Carol Platt Liebau

Thursday, December 16, 2004

Read Hugh Hewitt's Weekly Standard piece here. It centers around the Newsweek cover story by Jon Meacham on the birth of Jesus.

Although Meacham has always seemed to be a straight shooter when I've seen him on political talk shows, his Newsweek piece is an ill-begotten one. Over at Hugh Hewitt's site, you will find much excellent commentary on the topic (sickness and a variety of pressing commitments prevented me from participating).

In the end, perhaps what I find most offensive about the MSM's approach to covering religion is its "exploratory," almost anthropological tone -- there would be less condescension were cannibalism in some remote corner of the world being discussed. Despite his protestation to the contrary, it's clear that Jon Meacham does not believe that orthodox faith and reason can be reconciled -- at least not in any significant way. This piece represents an effort to forge some sort of compromise, so that people who have little in the way of orthodox faith and background can still "deal" with the Nativity. As Hugh points out, the piece is being dissected by experts, bloggers, and expert bloggers. It's about time the MSM's approach to religion was discredited, as it surely deserves to be, both in terms of tone and substance.

2 Comments:

Blogger Patrick O'Hannigan said...

I think you're right. The mainstream media views religion through a National Geographic lens, in part because (like science fiction writer Arthur C. Clarke) journalists wonder why we haven't "outgrown" religious faith.

11:42 AM  
Blogger David said...

Thx for pointing out the Newsweek article. (I don't normally read fiction magazines, but I made an exception based on your reference. :-)

Sadly, the piece contained nothing new. Same tired old faux liberalism. Still, it's nice to know that there's been nothing new issue from the ossified realm of Mass Media Podpeople speech regarding Christianity. Tired cliches, an outsider's uninformed (and uninforming) view.
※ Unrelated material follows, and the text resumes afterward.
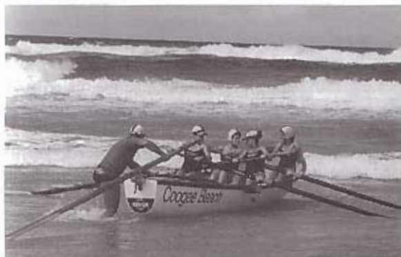
"Womens Boat Crew at the Australian Titles."

"... the subject of ongoing scholarly debate over their historical accuracy, their theological meaning and whether some of the central images and words of the Christian religion owe as much to the pagan culture of the Roman Empire as they do to apostolic revelation..."

Yadayadayada

:-)

In news of more importance, I hope you are feeling better. I pray for speedy recovery from any illness you have been suffering.